AVAILABLE DATA:
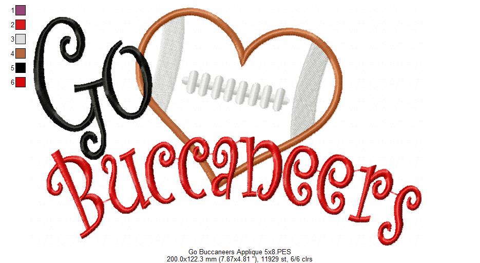 Show your team spirit with this bold and fun Go Buccaneers football heart appliqué embroidery design 🏈❤️
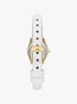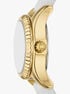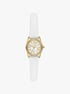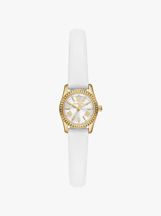 A luxe leather strap and gold-tone hardware come together on our elegant Lexington watch. With an intricately etched topring and miniature round profile, it makes a dainty addition to a shimmering wrist stack.
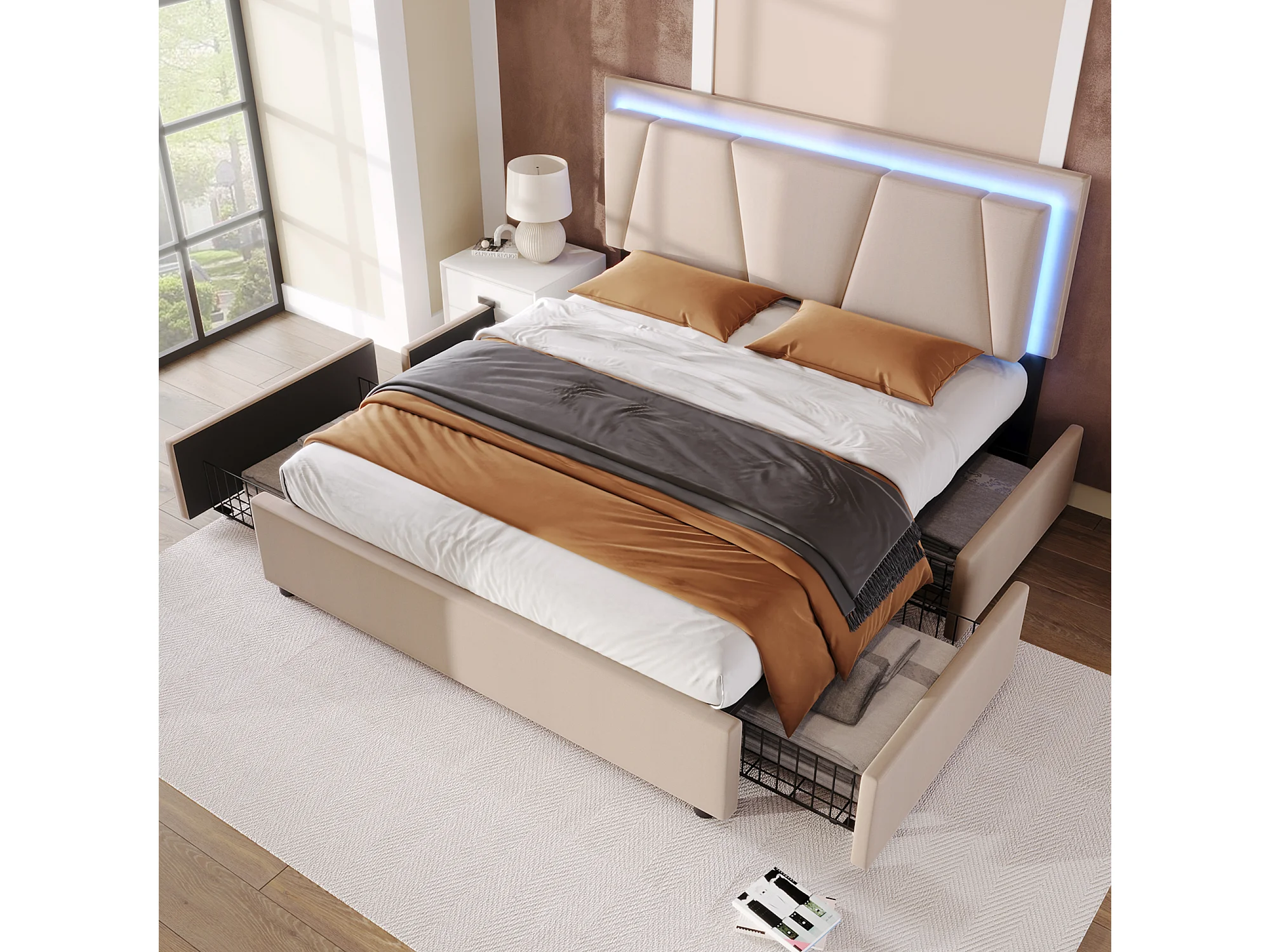 Lit double rembourré 140x200 cm avec LED, 4 tiroirs, tête réglable, sommier bois, tissu beige, avec matelas

ABOUT THIS EXERCISE:
A word-for-word copy of all the data is required, minus the pictures.

EXERCISE SOLUTION:
 Show your team spirit with this bold and fun Go Buccaneers football heart appliqué embroidery design 🏈❤️
 A luxe leather strap and gold-tone hardware come together on our elegant Lexington watch. With an intricately etched topring and miniature round profile, it makes a dainty addition to a shimmering wrist stack.
 Lit double rembourré 140x200 cm avec LED, 4 tiroirs, tête réglable, sommier bois, tissu beige, avec matelas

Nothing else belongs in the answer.